Let P2, the vector space of all polynomials of degree two or less, with the inner product defined as: $$<p, q> = p(−1)q(−1) + p(0)q(0) + p(1)q(1)\, for\ p, q\in P_2 )$$

Find an orthonormal basis for P2.

The basis is given by {$1,X,X^2$}. Let $V$ be an inner product space with the basis $V = (v_1,v_2,...v_n)$ and let $p_k$ for $k = 1,2,3,...n-1$ is the orthogonal projection of $v_{k+1}$ on the subspace $Span(v_1,v_2,...v_k)$. Then we have that $W = (v_1,v_2-p_1,v_3-p_2,...,v_n-p_{n-1})$ is the orthogonal basis for V.
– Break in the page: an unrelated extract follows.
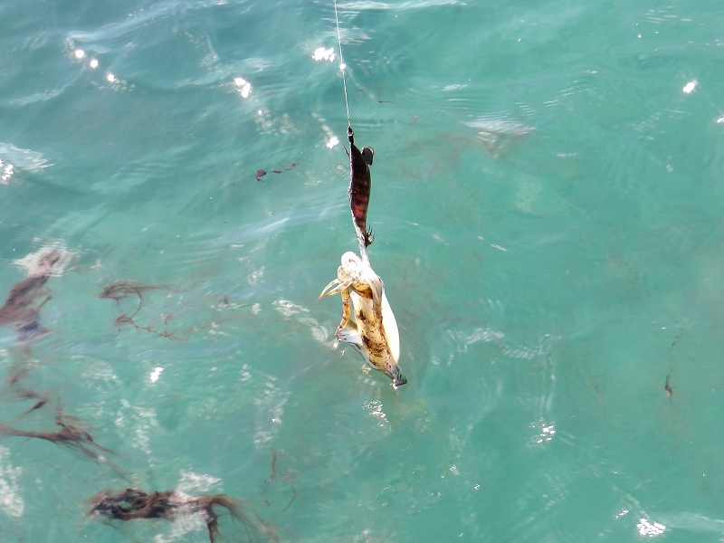 トンビ磯はやはり「サイズはともかく必ず釣れる場所」でした。シャローにて140gが釣れたのち、奥のワンドにてサイトで250gが釣れました(2杯ともリリース)。釣れるのはありがたいのですが、狙っているイカはもっと大きいやつです。

$u_1 = \frac {1}{{\left\|v_1\right\|}}v_1 = \frac {1}{\sqrt3}\cdot 1$

It is now possible to find $p_1 = <x,\frac {1}{\sqrt3}>\cdot \frac{1}{\sqrt3}=0$...


And then it continues to calculate the remaning $u_k$'s and $p_k$'s. However, my question is just about the computation itself.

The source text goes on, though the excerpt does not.